Original comment by [email protected]
on 18 Mar 2015 at 3:21
- Changed state: Accepted
from support-tools.
Any update? We're looking to add an "Import from Google Code" feature to GitLab
and want to import attachments as well, but this issue is standing in our way.
Thank you.
Original comment by [email protected]
on 30 Mar 2015 at 9:16
from support-tools.
We have added a wiki page detailing how our issue attachment mirroring works.
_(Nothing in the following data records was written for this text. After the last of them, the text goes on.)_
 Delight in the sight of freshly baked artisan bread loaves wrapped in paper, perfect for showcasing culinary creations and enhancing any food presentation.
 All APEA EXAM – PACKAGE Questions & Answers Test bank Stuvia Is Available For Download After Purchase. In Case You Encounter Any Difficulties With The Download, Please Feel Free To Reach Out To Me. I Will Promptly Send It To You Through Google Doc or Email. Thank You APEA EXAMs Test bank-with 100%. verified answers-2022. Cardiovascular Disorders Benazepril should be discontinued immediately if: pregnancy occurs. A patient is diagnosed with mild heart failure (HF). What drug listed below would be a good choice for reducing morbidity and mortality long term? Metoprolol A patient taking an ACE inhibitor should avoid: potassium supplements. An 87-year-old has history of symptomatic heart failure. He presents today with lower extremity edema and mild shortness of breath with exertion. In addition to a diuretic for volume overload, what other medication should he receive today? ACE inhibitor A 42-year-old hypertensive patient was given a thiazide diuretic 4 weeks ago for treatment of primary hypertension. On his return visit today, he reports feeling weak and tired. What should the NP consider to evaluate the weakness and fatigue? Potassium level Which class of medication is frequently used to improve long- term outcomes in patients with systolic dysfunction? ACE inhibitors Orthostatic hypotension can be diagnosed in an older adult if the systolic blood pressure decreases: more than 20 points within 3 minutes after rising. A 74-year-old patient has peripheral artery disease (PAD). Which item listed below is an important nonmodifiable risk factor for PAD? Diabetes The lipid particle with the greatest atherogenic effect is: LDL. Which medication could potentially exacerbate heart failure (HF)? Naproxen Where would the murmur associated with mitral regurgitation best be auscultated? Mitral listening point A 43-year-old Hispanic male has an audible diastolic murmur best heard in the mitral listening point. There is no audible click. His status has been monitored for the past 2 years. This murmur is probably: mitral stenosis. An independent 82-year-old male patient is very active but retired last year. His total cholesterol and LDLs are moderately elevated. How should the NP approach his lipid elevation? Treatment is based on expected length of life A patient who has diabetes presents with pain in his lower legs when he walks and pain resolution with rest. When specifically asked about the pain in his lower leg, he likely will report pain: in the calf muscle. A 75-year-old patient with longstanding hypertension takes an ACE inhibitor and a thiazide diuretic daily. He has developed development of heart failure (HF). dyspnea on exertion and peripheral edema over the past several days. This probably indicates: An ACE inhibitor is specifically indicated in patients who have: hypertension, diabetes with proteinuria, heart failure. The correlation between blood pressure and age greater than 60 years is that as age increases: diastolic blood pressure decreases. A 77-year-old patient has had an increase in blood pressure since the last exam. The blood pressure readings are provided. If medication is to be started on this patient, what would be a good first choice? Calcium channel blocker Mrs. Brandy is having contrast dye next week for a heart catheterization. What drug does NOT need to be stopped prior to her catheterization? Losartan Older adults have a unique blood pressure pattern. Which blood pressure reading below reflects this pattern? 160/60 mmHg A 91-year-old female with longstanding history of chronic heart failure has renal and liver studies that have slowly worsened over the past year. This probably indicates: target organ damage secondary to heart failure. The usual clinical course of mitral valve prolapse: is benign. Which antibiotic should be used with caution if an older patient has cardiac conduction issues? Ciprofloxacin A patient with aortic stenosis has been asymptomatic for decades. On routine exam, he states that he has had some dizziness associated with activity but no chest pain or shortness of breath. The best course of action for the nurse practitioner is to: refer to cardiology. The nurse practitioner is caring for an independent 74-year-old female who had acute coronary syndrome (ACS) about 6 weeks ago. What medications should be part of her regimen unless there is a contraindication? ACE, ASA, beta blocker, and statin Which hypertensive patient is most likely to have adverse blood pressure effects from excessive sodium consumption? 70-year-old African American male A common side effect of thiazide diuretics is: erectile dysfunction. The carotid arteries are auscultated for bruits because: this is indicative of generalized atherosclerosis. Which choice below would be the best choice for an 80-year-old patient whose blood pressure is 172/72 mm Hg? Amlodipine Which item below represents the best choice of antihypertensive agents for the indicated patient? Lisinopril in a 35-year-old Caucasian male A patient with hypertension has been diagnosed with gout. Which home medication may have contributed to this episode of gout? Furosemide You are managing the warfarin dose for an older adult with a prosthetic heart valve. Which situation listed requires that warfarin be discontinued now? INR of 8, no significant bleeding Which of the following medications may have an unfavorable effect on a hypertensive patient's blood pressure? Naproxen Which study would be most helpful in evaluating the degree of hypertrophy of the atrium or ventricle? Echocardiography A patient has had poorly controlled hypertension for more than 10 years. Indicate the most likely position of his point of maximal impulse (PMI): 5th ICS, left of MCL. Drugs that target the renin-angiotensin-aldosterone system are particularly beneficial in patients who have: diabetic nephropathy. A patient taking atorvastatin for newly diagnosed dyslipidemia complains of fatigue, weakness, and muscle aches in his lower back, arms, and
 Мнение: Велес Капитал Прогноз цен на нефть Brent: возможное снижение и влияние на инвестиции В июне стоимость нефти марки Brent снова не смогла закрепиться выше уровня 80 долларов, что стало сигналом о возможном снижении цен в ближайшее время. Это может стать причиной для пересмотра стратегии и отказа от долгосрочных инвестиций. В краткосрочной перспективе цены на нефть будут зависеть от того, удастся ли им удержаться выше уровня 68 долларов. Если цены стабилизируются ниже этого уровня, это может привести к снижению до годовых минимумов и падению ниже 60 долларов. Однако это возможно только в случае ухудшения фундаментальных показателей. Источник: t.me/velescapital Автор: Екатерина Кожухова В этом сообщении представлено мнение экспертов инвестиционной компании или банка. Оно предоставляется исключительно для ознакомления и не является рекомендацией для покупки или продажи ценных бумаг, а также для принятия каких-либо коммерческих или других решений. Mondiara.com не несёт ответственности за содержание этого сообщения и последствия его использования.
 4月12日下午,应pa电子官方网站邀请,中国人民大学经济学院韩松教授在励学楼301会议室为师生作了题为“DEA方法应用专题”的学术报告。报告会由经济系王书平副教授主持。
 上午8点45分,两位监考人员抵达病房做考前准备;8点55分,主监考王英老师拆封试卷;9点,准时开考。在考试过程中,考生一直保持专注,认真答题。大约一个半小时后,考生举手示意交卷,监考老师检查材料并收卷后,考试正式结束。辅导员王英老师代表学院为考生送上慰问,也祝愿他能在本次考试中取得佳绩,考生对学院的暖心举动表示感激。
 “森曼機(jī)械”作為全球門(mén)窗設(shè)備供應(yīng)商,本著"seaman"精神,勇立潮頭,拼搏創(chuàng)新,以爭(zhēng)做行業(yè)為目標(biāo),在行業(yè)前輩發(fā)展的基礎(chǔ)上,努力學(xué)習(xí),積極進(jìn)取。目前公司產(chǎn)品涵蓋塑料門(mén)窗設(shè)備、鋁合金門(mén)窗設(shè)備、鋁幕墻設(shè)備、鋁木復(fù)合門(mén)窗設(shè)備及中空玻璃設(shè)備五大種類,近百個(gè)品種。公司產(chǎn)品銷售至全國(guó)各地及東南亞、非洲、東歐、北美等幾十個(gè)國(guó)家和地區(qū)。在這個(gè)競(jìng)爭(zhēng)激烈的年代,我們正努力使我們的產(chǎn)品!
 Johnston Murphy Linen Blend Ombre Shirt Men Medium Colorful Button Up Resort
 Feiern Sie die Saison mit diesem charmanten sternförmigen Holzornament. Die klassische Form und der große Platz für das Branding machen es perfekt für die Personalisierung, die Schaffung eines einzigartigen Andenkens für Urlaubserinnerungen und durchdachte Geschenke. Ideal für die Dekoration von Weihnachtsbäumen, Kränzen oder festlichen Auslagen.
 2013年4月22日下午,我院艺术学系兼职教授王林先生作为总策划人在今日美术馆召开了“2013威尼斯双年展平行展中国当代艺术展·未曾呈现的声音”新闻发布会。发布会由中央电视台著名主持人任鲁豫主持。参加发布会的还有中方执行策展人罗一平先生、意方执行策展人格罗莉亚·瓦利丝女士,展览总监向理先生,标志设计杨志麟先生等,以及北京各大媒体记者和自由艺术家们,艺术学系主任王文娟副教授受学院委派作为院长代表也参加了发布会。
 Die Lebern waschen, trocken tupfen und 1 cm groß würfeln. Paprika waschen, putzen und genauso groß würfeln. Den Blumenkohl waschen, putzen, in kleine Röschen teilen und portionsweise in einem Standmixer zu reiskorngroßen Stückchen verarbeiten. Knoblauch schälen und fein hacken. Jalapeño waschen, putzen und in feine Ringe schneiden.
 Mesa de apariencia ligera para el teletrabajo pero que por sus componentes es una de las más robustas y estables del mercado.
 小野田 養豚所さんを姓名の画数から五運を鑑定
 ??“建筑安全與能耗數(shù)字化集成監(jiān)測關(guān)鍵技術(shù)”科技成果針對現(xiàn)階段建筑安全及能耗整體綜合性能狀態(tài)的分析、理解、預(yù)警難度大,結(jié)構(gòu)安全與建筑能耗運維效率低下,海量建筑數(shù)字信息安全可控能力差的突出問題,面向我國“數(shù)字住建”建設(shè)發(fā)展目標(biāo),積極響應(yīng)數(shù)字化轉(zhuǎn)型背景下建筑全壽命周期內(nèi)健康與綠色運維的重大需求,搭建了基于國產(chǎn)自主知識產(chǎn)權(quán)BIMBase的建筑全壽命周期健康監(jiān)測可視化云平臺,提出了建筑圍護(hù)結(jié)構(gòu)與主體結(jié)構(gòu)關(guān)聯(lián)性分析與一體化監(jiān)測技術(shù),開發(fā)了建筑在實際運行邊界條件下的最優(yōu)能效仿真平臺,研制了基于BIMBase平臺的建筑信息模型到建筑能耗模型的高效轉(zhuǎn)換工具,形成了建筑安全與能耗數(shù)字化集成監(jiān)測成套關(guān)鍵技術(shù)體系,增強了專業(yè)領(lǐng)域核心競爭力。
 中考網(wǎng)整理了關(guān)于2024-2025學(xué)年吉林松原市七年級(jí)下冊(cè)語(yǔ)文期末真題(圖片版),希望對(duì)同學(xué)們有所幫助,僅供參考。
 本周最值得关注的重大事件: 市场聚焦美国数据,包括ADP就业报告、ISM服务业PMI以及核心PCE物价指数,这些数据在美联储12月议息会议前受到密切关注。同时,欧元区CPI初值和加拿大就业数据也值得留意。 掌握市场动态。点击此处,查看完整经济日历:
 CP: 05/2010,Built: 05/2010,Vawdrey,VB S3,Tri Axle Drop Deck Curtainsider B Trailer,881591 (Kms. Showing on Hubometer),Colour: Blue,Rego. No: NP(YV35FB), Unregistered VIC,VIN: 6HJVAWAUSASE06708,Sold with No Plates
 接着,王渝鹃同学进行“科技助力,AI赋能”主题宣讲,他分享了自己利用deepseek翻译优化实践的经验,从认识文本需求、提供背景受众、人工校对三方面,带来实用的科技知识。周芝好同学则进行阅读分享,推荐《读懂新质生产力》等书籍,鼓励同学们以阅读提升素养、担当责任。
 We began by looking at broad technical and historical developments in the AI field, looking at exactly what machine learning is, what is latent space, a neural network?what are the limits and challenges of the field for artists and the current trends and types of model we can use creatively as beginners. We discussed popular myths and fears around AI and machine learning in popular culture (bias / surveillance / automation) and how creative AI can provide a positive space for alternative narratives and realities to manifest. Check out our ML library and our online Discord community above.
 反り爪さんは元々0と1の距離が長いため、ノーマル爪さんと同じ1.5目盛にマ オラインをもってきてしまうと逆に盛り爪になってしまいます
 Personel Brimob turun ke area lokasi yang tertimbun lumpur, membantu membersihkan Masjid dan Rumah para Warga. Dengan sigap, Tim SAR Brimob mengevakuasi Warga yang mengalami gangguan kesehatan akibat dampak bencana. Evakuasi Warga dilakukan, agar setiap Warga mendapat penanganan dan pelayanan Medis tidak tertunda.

You can get issues without the additional token if you go straight to Google
Cloud Storage.
See: https://code.google.com/p/support-tools/wiki/IssueMirror
However our issue mirroring does have some known issues (we won't fix). We only
mirror _public_ issues. So attachments for private (Restrict-View-*) issues
will not be available. Similarly, we don't mirror attachments for deleted
issues. And, in the occasional situation where you upload two attachments at
the same commit, both having the same name, we only have one of the files on
GCS.
As for your bad-unfixable.txt file, you have uncovered something afoot in
Google Code. For example:
Bad link:
https://storage.googleapis.com/google-code-attachments/tint2/issue-471/comment-3
4/fedora-2015-03-15T10-43-31-220064000Z.webm for issue 471, comment 35,
attachment {"mimetype": "application/octet-stream", "attachmentId":
"4710035000", "fileSize": 10148504, "fileName":
"fedora-2015-03-15T10-43-31-220064000Z.webm"}
The attachment file is actually found in our mirror, though as comment #31:
https://storage.googleapis.com/google-code-attachments/tint2/issue-471/comment-3
1/fedora-2015-03-15T10-43-31-220064000Z.webm
I have no explanation for the discrepancy, other than I probably wrote the
errant code.
Could you tell me more about how your "Import from Google Code" feature of
GitLab works? I take it GitLab supports arbitrary file attachments, so you need
to download the attachments at the time you do the import? If so, that's a
great feature. But note that there is a delay between when issue attachments
are uploaded to Google Code and when they are mirrored onto Google Cloud
Storage.
Original comment by [email protected]
on 31 Mar 2015 at 12:11
from support-tools.
The known restrictions to the IssueMirror are not a problem.
As for migrating public attachments, we have two options, since GitLab does
indeed support arbitrary file attachments:
1. Download all attachments from the IssueMirror and reupload to GitLab when a
user requests a project import.
2. Link directly to the attachment on the IssueMirror from the new GitLab issue.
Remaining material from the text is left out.